• **TASK PROMPT**:
Write out, exactly and only, the lines that run from the top of the records to the line with "Последний слайд как". Include both ends; exclude pictures.

─── INFORMATION PROVIDED ───

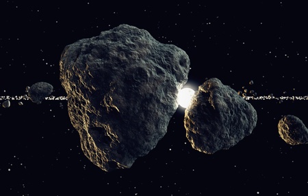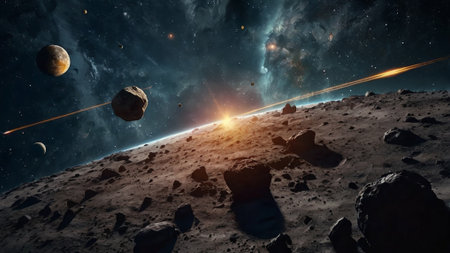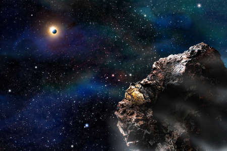 Closeup on meteor lumps and the sun that shines through in space. Suitable for any fantasy, astronomy or space realted purposes.
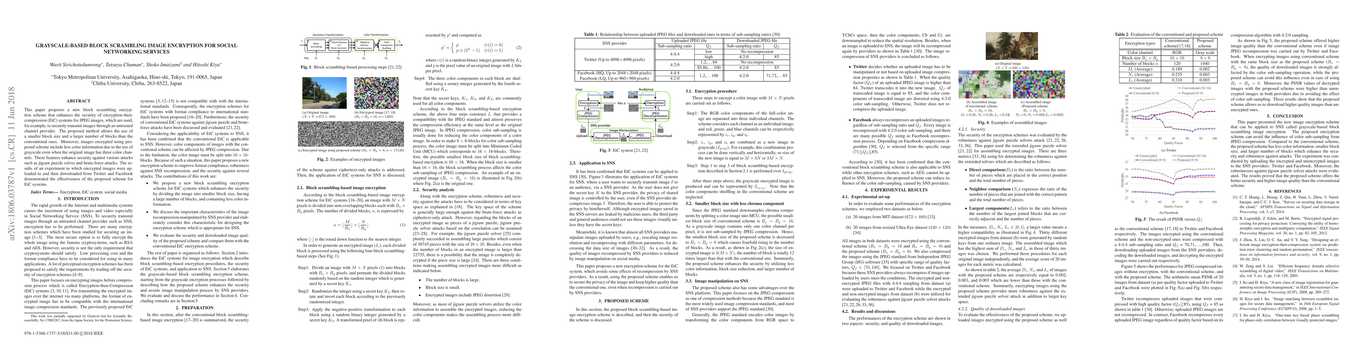 This paper introduces a grayscale-based block scrambling encryption scheme to improve the security of encryption-then-compression systems for JPEG images, allowing smaller block sizes and reducing color information. Experiments on social media platforms show its effectiveness against various attacks.
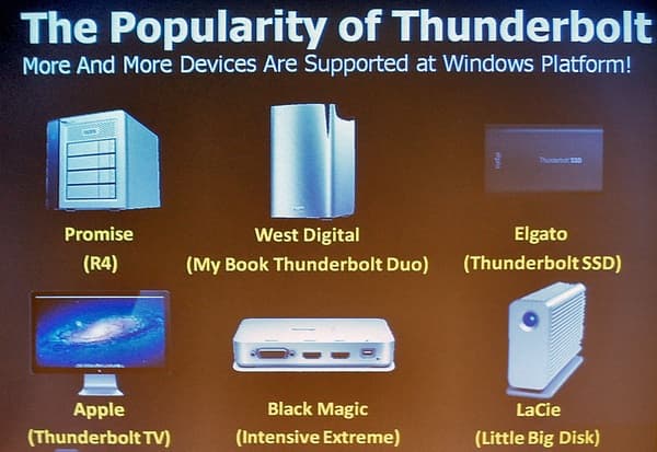 Последний слайд как раз и был посвящен тому, что устройств Thunderbolt на рынке становится все больше и больше. Правда, немного смущает сам факт, что в этом приходится убеждать на презентации — недостаточно сфотографировать полку в магазине. Однако какого-то заметного уровня присутствия на рынке Thunderbolt непременно достигнет, а вот окажется ли интерфейс жизнеспособным в длительной перспективе — увидим.
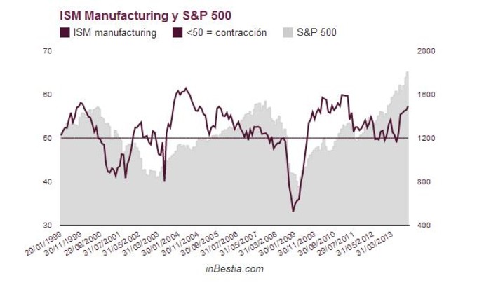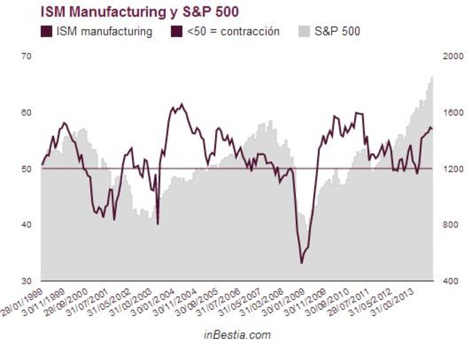 EEUU ISM Sector Manufacturero 57,3 Noviembre El índice que mide la situación del sector manufacturero en EEUU ascendió en noviembre hasta los 57,3 puntos desde los 56,4 de octubre. Un nivel por encima de 50 sugiere... 2 de diciembre, 2013
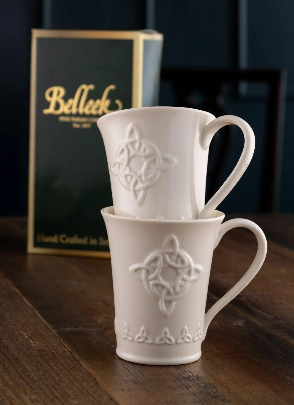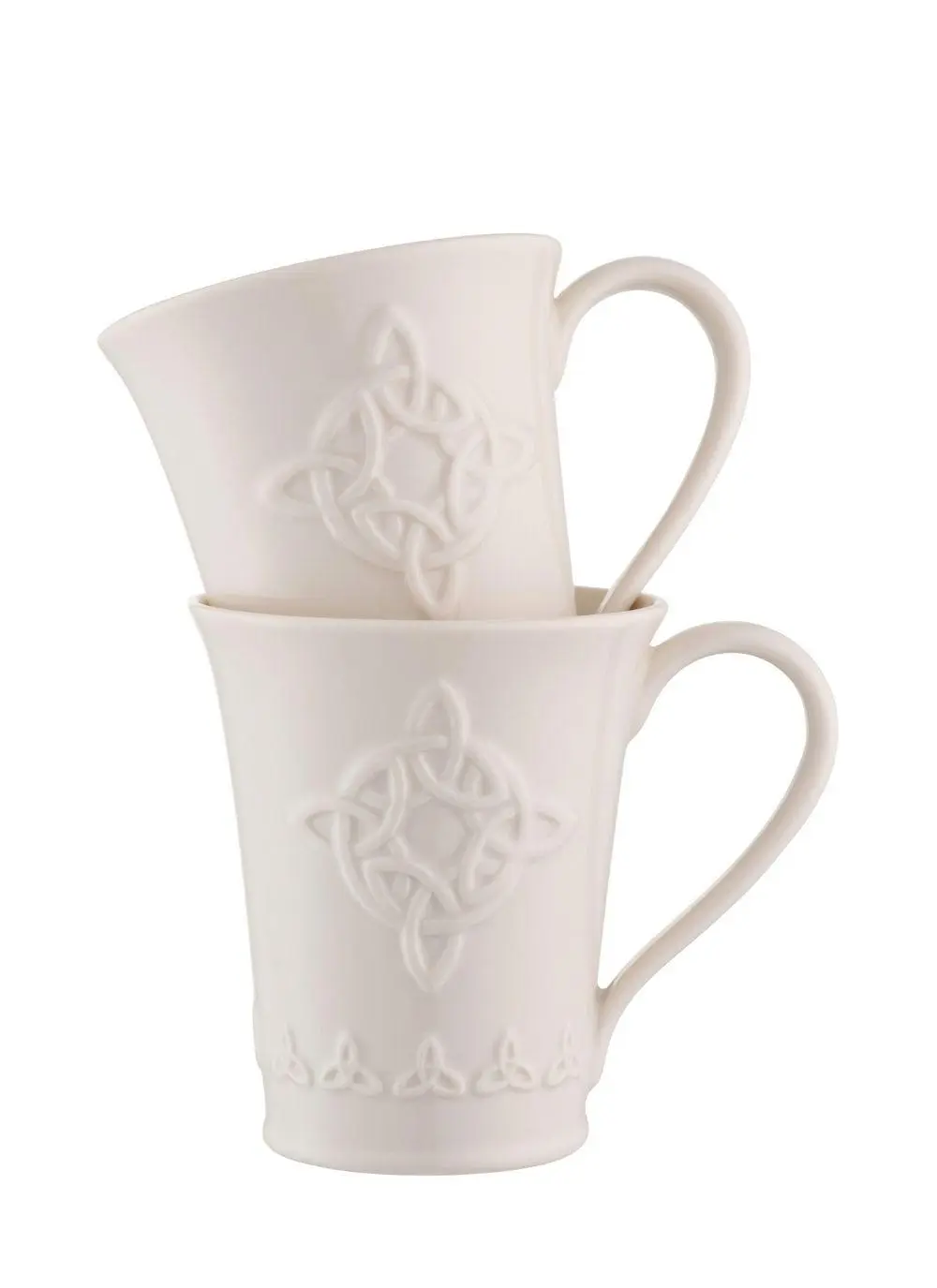 The ideal mugs for sharing coffee with family or friends. These Belleek mugs have been skillfully handcrafted in Ireland from fine Parian china, and are embossed with Celtic trinity knots, an intricate symbol of eternal life and never-ending love.
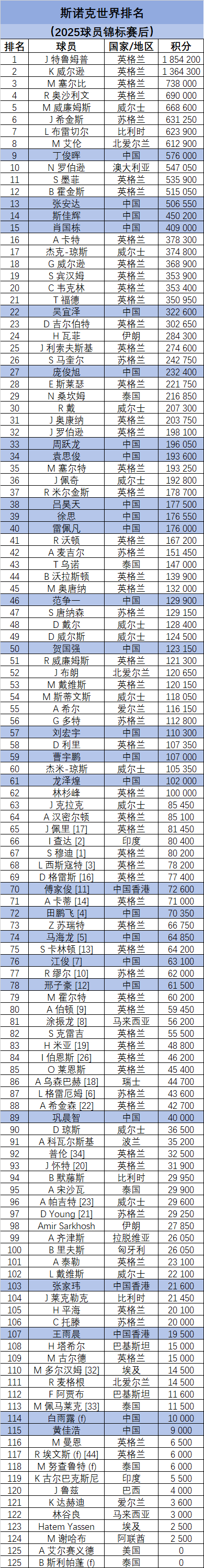 斯诺克官方世界排名(2025球员锦标赛后)

───

• **REPLY**:
 Closeup on meteor lumps and the sun that shines through in space. Suitable for any fantasy, astronomy or space realted purposes.
 This paper introduces a grayscale-based block scrambling encryption scheme to improve the security of encryption-then-compression systems for JPEG images, allowing smaller block sizes and reducing color information. Experiments on social media platforms show its effectiveness against various attacks.
 Последний слайд как раз и был посвящен тому, что устройств Thunderbolt на рынке становится все больше и больше. Правда, немного смущает сам факт, что в этом приходится убеждать на презентации — недостаточно сфотографировать полку в магазине. Однако какого-то заметного уровня присутствия на рынке Thunderbolt непременно достигнет, а вот окажется ли интерфейс жизнеспособным в длительной перспективе — увидим.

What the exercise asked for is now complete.